GIVEN DATA =

________________________________________

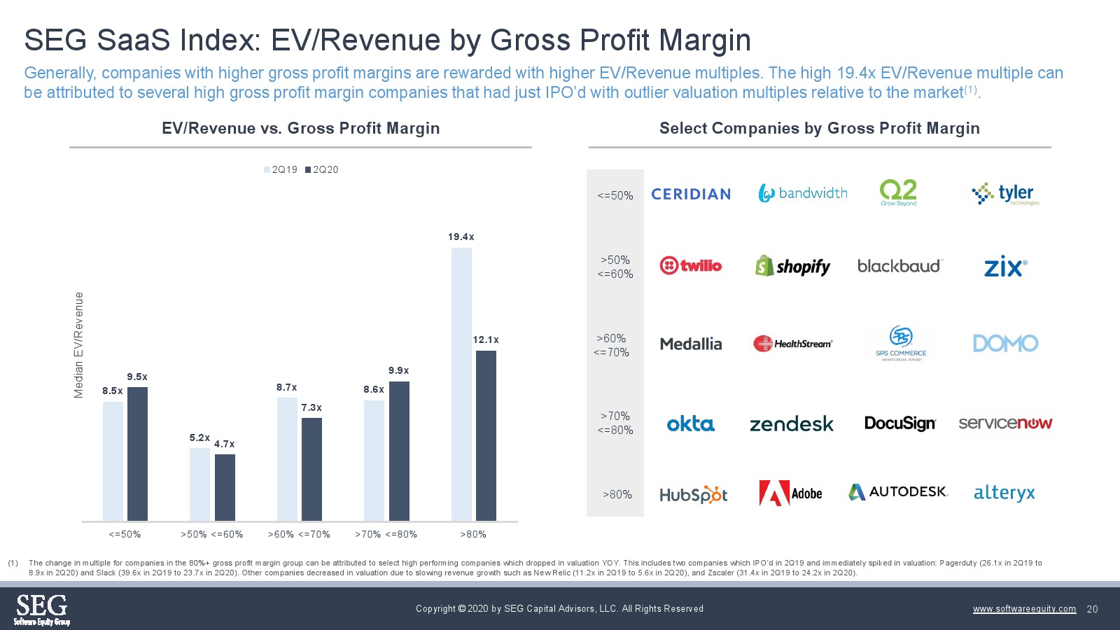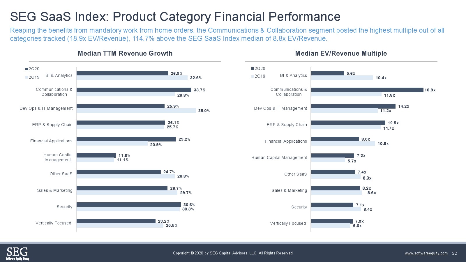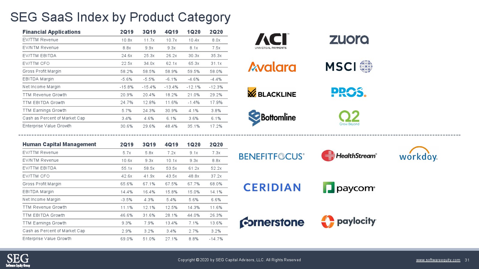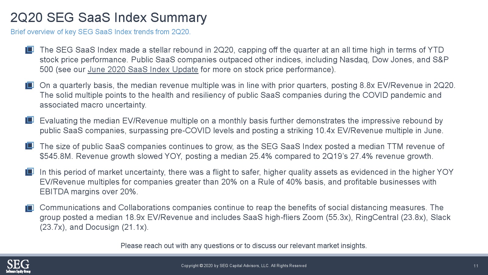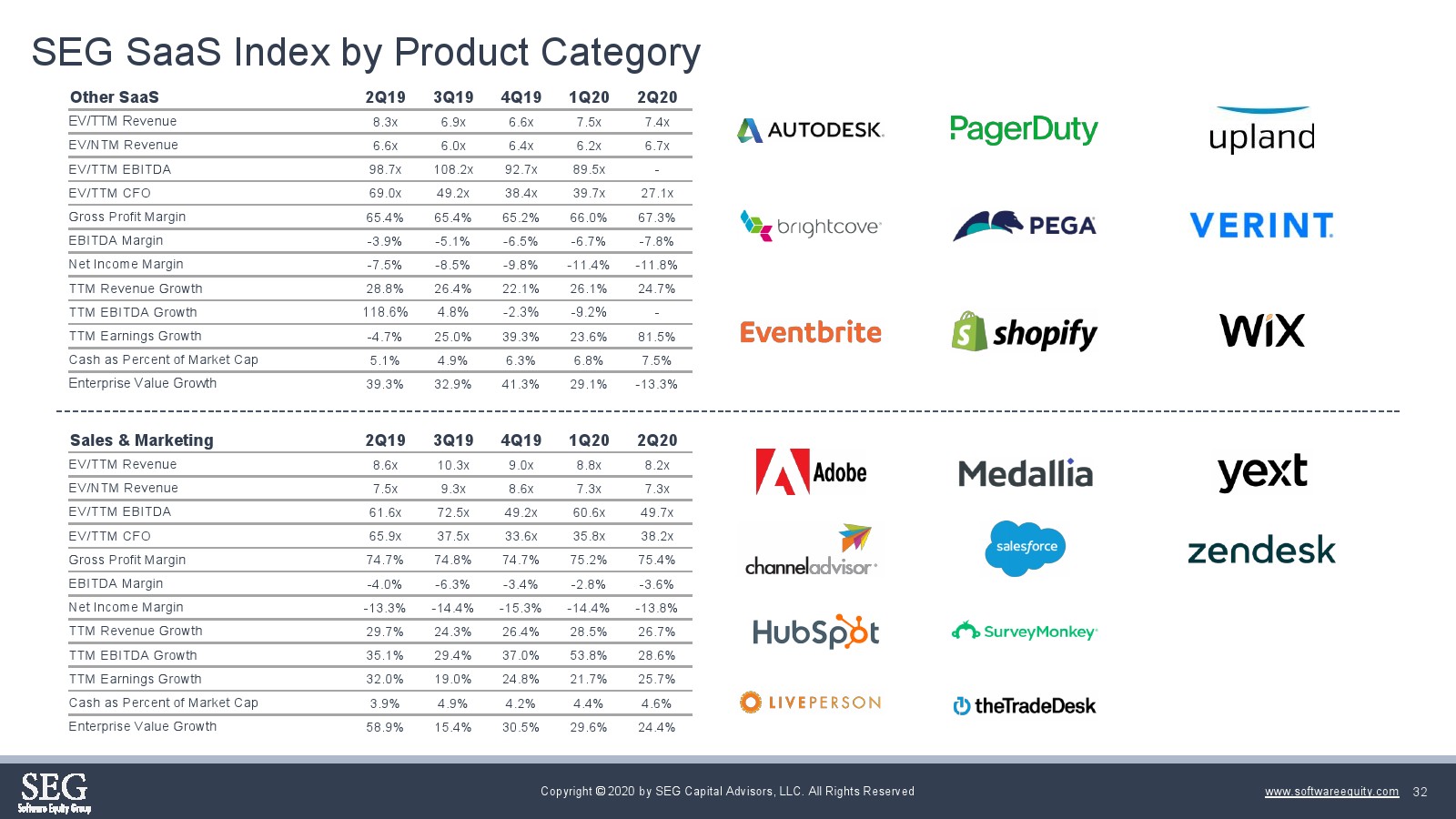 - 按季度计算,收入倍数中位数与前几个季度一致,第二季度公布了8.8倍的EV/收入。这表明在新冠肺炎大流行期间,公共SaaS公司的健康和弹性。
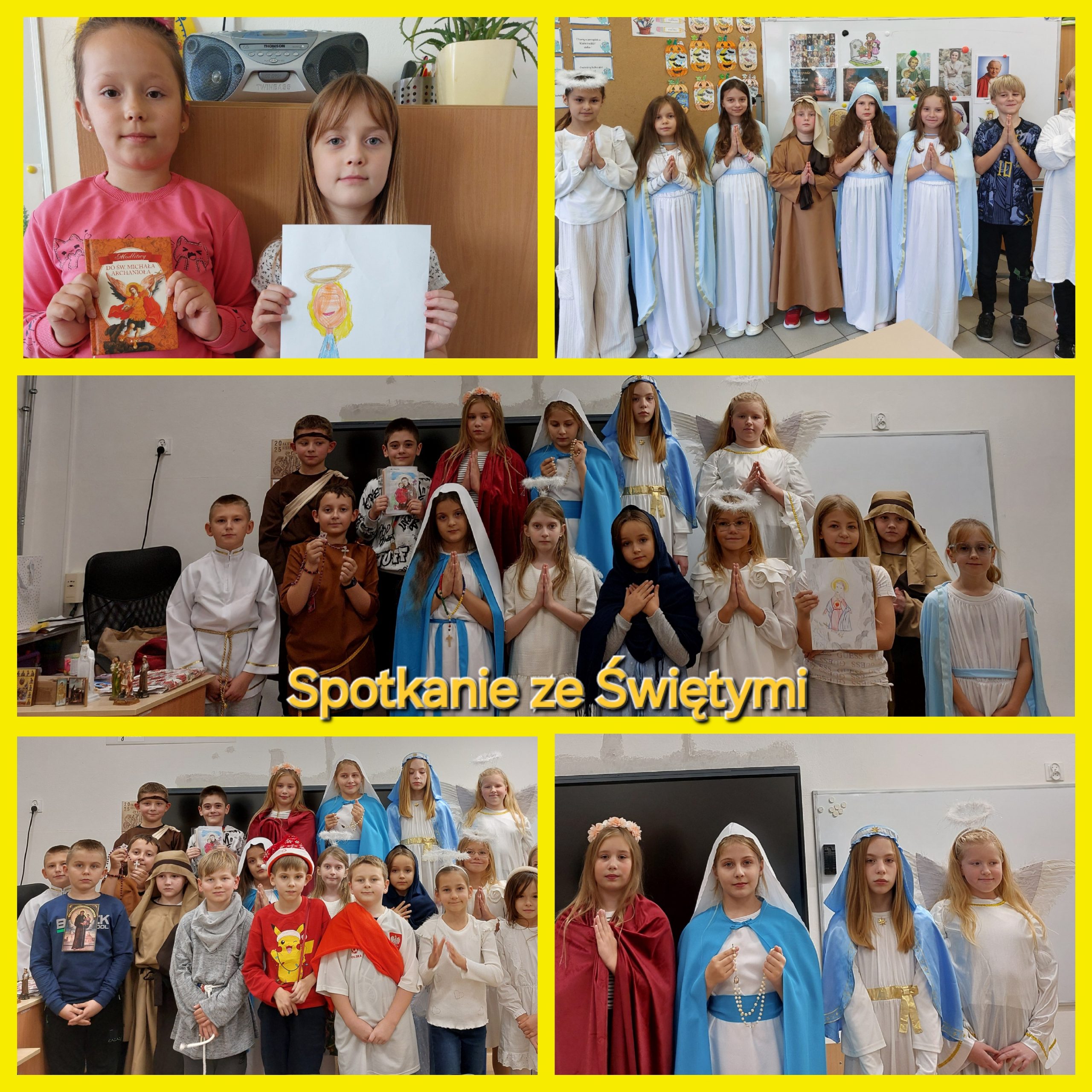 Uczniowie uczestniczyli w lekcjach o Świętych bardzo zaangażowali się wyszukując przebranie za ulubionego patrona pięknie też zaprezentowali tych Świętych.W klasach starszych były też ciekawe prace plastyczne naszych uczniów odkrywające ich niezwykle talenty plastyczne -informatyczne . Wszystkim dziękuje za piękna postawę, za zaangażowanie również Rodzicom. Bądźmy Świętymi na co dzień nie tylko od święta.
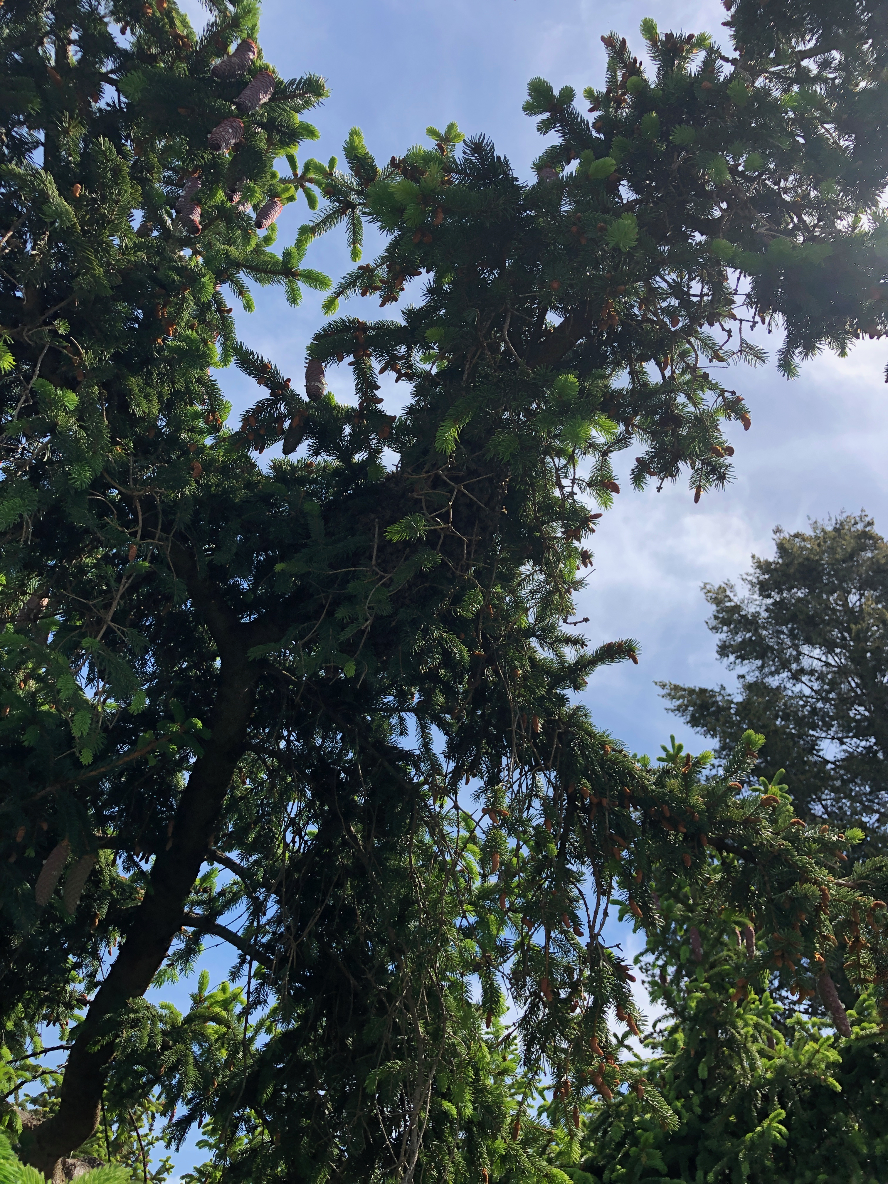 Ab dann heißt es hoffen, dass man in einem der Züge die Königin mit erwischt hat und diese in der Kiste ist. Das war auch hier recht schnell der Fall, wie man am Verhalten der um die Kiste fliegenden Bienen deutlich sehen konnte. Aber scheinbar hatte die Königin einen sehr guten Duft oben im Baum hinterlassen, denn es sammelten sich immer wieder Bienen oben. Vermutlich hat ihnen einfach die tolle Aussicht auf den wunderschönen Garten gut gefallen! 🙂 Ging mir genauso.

________________________________________

From the listing, extract all text exactly as given and drop any picture.

ANSWER BELOW =
 - 按季度计算,收入倍数中位数与前几个季度一致,第二季度公布了8.8倍的EV/收入。这表明在新冠肺炎大流行期间,公共SaaS公司的健康和弹性。
 Uczniowie uczestniczyli w lekcjach o Świętych bardzo zaangażowali się wyszukując przebranie za ulubionego patrona pięknie też zaprezentowali tych Świętych.W klasach starszych były też ciekawe prace plastyczne naszych uczniów odkrywające ich niezwykle talenty plastyczne -informatyczne . Wszystkim dziękuje za piękna postawę, za zaangażowanie również Rodzicom. Bądźmy Świętymi na co dzień nie tylko od święta.
 Ab dann heißt es hoffen, dass man in einem der Züge die Königin mit erwischt hat und diese in der Kiste ist. Das war auch hier recht schnell der Fall, wie man am Verhalten der um die Kiste fliegenden Bienen deutlich sehen konnte. Aber scheinbar hatte die Königin einen sehr guten Duft oben im Baum hinterlassen, denn es sammelten sich immer wieder Bienen oben. Vermutlich hat ihnen einfach die tolle Aussicht auf den wunderschönen Garten gut gefallen! 🙂 Ging mir genauso.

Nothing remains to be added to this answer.